## [Listed entries]
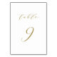 Table 9. Complete your tablescape with this elegant and simple table numbers card. It features gold minimalist script with white background. This script table number is perfect for weddings, graduation, baby showers, bridal showers and other events. Other number and colour are available.
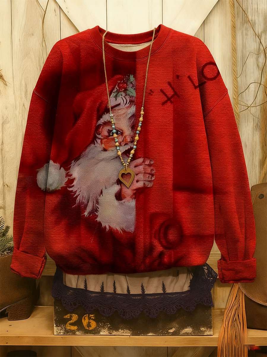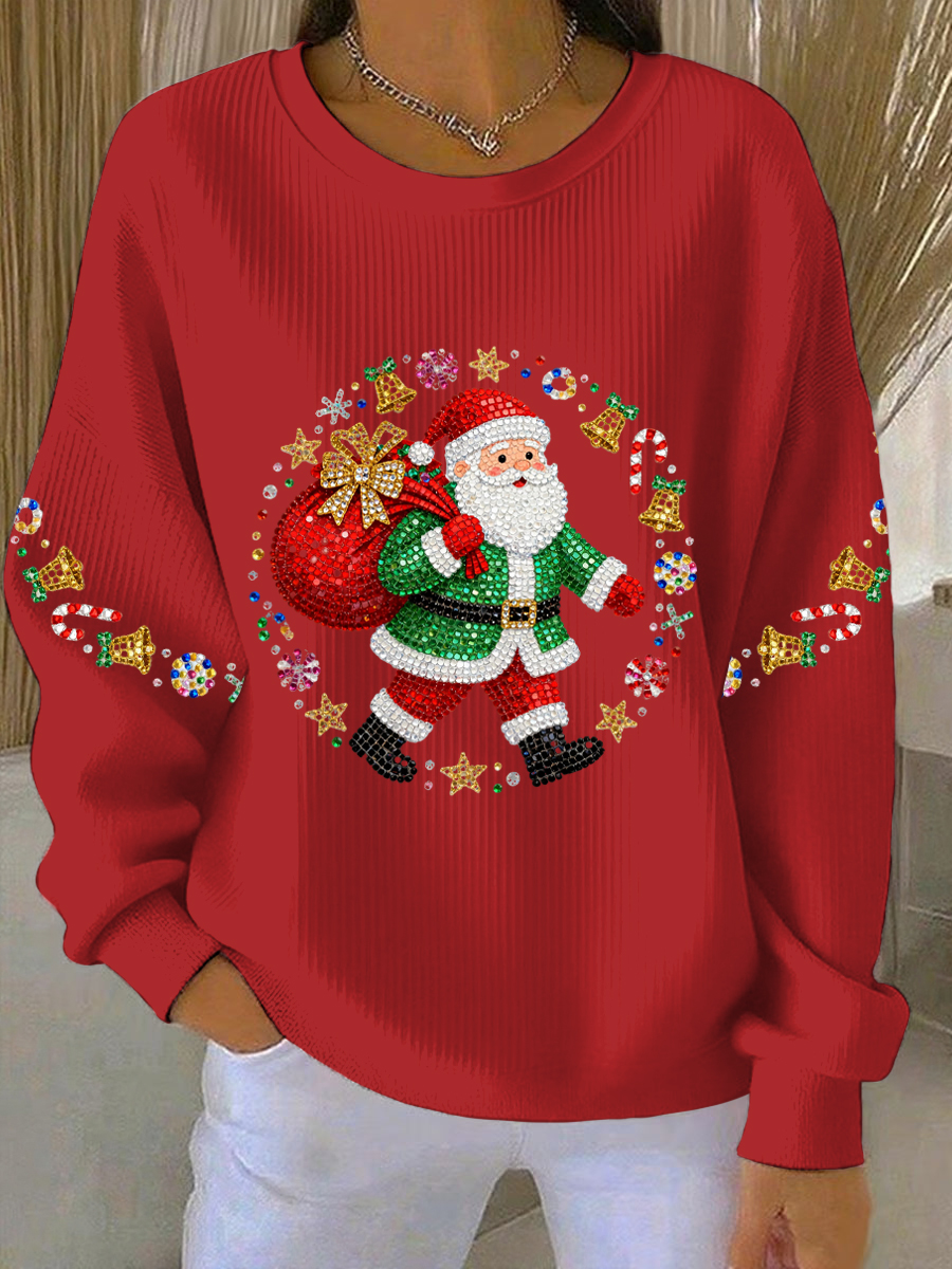 Damen Weihnachtsmann-Druck Geripptes Rundhals-Sweatshirt
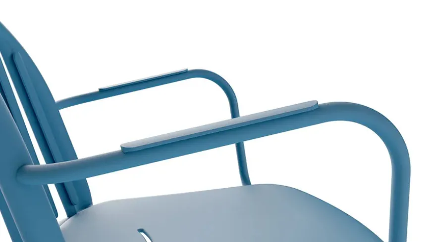 Fred’s armchair er en moderne fortolkning af den klassiske bistrostol. Stolen er fremstillet af vejrbestandigt aluminium og er perfekt til både private terrasser og udendørs caféområder. Det buede sæde og armlænene sikrer optimal siddekomfort. Den smileformede åbning i sædet lader regnvand løbe væk, så stolen altid er klar til brug.
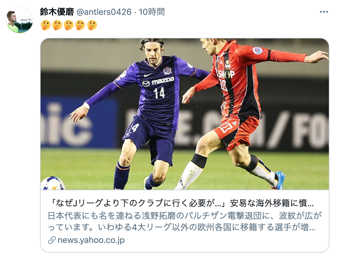 「なぜJリーグより下のクラブに行く必要が…」安易な海外移籍に憤っていたミキッチの真意とは【浅野拓磨の退団問題】https://news.yahoo.co.jp/articles/ec3eb1f628649afbe4d410c6101369c2cbabb327?page=2「クロアチアリーグと比べたら、Jリーグのレベルの方がはるかに高い。唯一ディナモ・ザグレブだけはヨーロッパで戦う力があるが、他のチームは運営面や給料の支払いで問題だらけだ。それに対して鹿島は日本のビッグクラブで、ものすごく運営がしっかりしている。鹿島からハイデュク・スプリトを選ぶ理由なんてないはずだ」
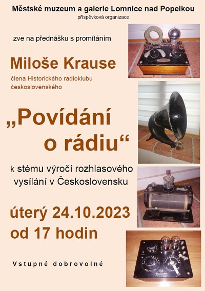 Druhá přednáška podzimního muzejního cyklu v Lomnici nad Popelkou s názvem Povídání o rádiu - k stému výročí rozhlasového vysílání v Československu, se koná v úterý 24. října od 17 hodin.
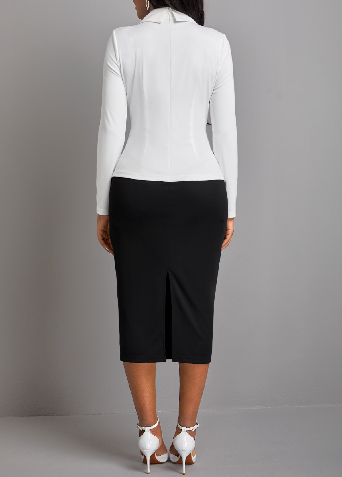Bow Collar White Long Sleeve Dress
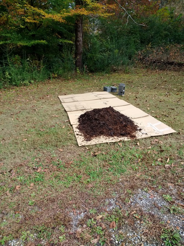 My husband secured a massive amount of some heavy duty cardboard boxes from work so we layed down about 4 of them to keep grass down and eliminate the need for mowing directly around the hive boxes.
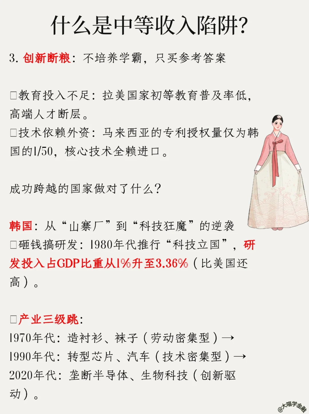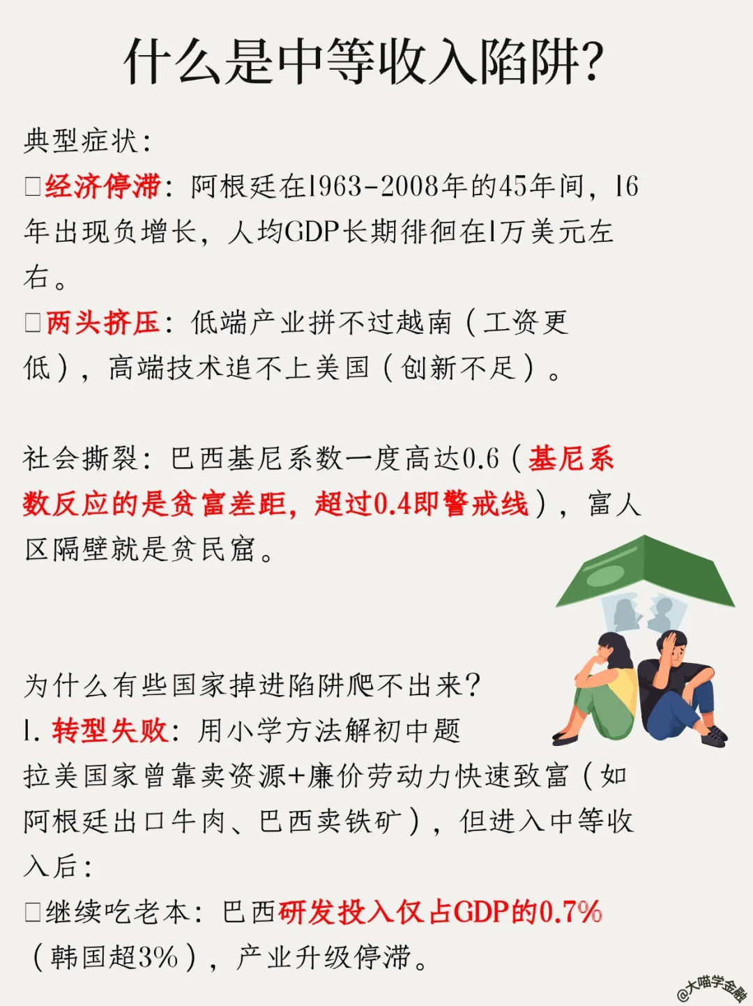 简单说:穷国靠廉价劳动力/卖资源冲到中等收入后,卡在中间上不去!
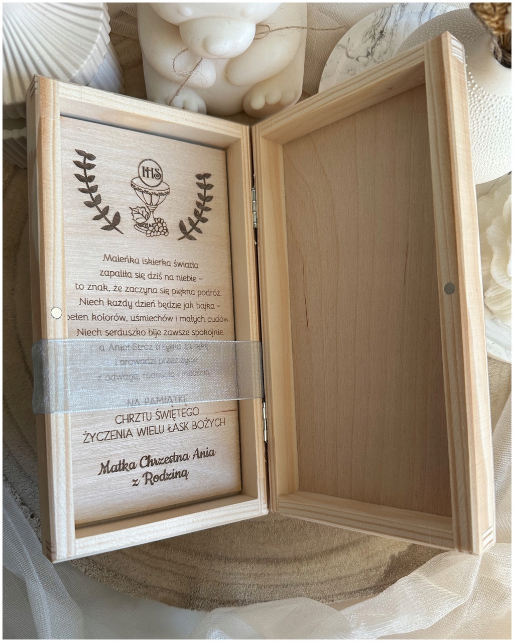 сувенір Святого Причастя у вигляді оригінальної дерев’яної коробки - це унікальна ідея для подарунка з нагоди хрещення . Продукт виготовлений з дерев’яної фанери, на якій є розрізаний символ голубів , розташований на золотих, дзеркальному елементі .
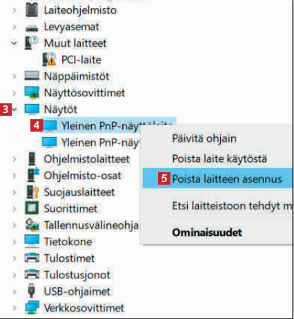 Napsauta sitten nuolta kohdassa Näytöt 3 ja vielä hiiren oikealla kuvaketta 4. Valitse Poista... 5.

## [Task brief]
Only the lines from the top of the material above down to the line bearing "Damen Weihnachtsmann-Druck Geripptes", that line included, should be set down exactly; no pictures.

## [Exercise answer]
 Table 9. Complete your tablescape with this elegant and simple table numbers card. It features gold minimalist script with white background. This script table number is perfect for weddings, graduation, baby showers, bridal showers and other events. Other number and colour are available.
 Damen Weihnachtsmann-Druck Geripptes Rundhals-Sweatshirt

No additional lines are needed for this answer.